Недели через две Муравьев действительно позвонил Чубареву в Холмск и поздравив, пообещал вскоре, как только уладит дела с новым руководством, приехать в Холмск по ряду вопросов и лично засвидетельствовать свою дружбу и уважение. Тотчас вслед за Муравьевым позвонил Брюханов; затем был звонок из ЦК, поздравили из отдела промышленности, и Чубарев к концу дня уже ничего не чувствовал, кроме усталости, вновь и вновь поднимая трубку не перестававшего трезвонить телефона.

На другой день

через обком Чубареву была доставлена правительственная телеграмма, и он долго всматривался в скупые, лаконичные строки.

«С глубоким уважением отношусь к Вашим большим трудовым свершениям. Желаю здоровья и счастья в личной жизни. Желаю новых больших успехов на благо нашего народа.

И. Сталин».

«И. Сталин», «И. Сталин», – повторил несколько раз про себя Чубарев, поглядывая на мраморный бюст Циолковского с тяжелым, бугристым лбом и вспоминая последний разговор в ЦК о необходимости максимального ускорения строительства реактивной авиации в стране, о значении Холмского моторного как одного из центров внедрения в практику последних научных достижений, о том, что основная трудность в необходимости заставить десятки и десятки институтов и конструкторских бюро работать в одном направлении, на одну цель.

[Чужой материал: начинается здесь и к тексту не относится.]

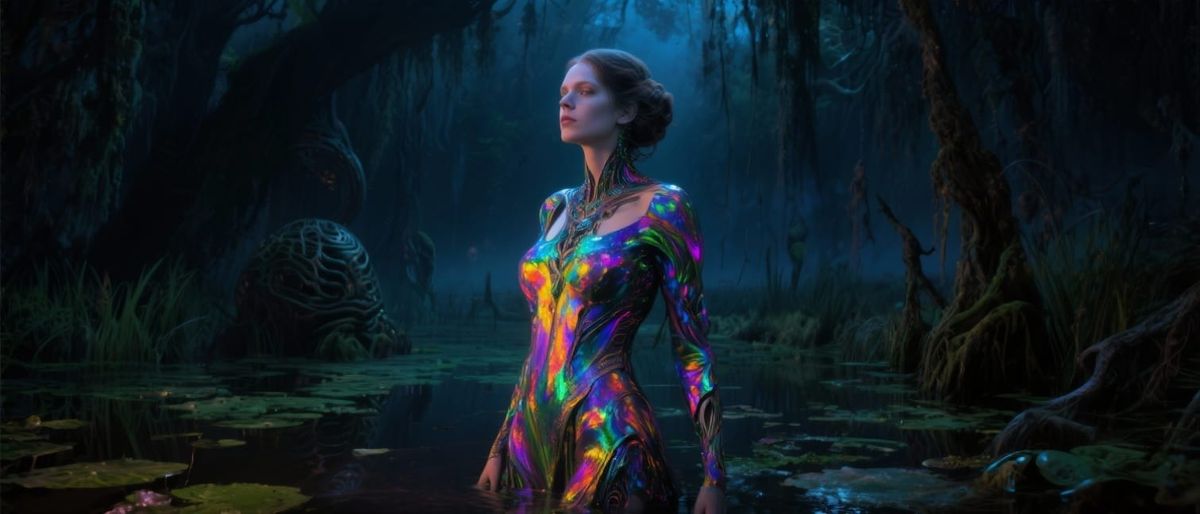 This image shows a woman with iridescent colors in a mystical swamp. It features dramatic lighting and a hyperrealistic dark fantasy atmosphere with a rich, saturated color palette.
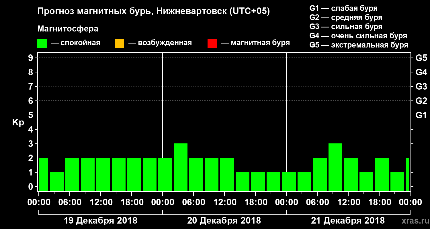 Прогноз магнитных бурь в Нижневартовске на 19 декабря 2018 года
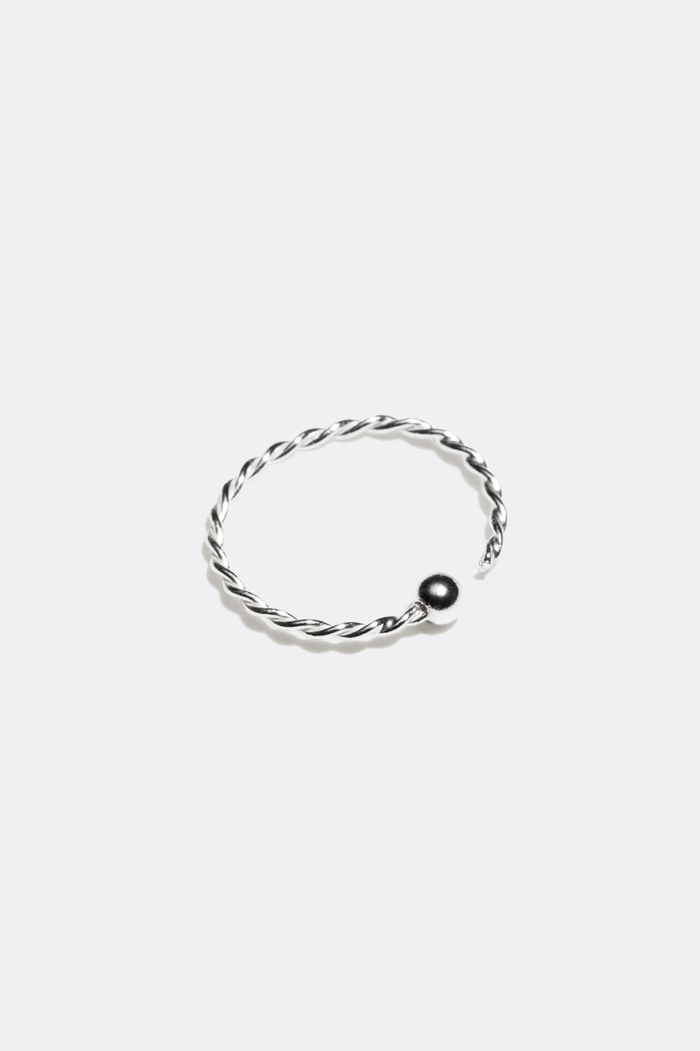 Næsepiercing i ægte sølv, snoet ring - En næsering i ægte sølv med snoet form, og en metalkugle som bruges til lås.
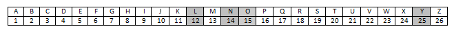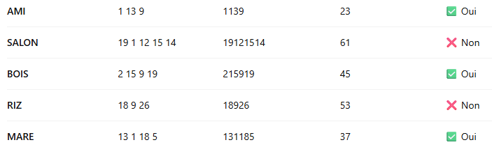On obtient alors la chaîne de caractères composée des indices concaténés dans le bon ordre des lettres qui composent le mot choisi, ainsi au mot « LYON » est associé la chaîne de caractères « 12251514 ».

Не успел Чубарев еще раз скользнуть взглядом по тексту телеграммы, как принесли еще несколько; лавина нарастала, в хоре поздравлений его называли уже чуть ли не теоретиком авиации, чуть ли не Жуковским, и никому не было никакого дела до того, что он просто устал, что иногда его уже тянуло к удочке и к повзрослевшим без него внукам… Жизнь прошла, а он, считай, ничего не видел, кроме работы. И Золотая Звезда в его возрасте – это только новая ответственность, новая непосильная ноша: ведь на испытательных стендах по-прежнему ревут двигатели, рвут барабанные перепонки, а каждый следующий рубеж дается с невероятным перенапряжением, и опять нужно связывать воедино своими нервами и сухожилиями сотни отдельных воль, пропускать их через свою, плавить в один жесткий узел, сидеть на кофе и бинтовать по утрам оплетенные изъязвленными венами больные старческие ноги… Впрочем, если бы уставал он один, черт бы с ним, это ничего бы не значило. Непрерывно обновляющийся народ не мог ждать, движение не могло остановиться, и этому подчинялось все, от воли Сталина до работы рядового слесаря, и тот, кто не выдерживал сумасшедших скоростей послевоенного времени, мгновенно оказывался в глубоко вчерашнем исчислении. Именно так стоит вопрос, и тут хочешь не хочешь, а соответствуй. И нечего юродствовать, отними у тебя дело, развалишься, как гнилой пень, следовательно, нечего себя останавливать, нужно забираться туда, где и сам черт ногу сломает. Ага, ну вот, бодро сказал он самому себе, взглянув на зазвонивший телефон, тот самый, трубку которого он должен был брать лично сам, и насмешливая улыбка над собственной поспешностью тронула его губы. Все идет так, как надо, какое там вместилище духа, каждую неделю эта ненасытная трубка требует цифр, отчета в каждом новом миллиметре пути…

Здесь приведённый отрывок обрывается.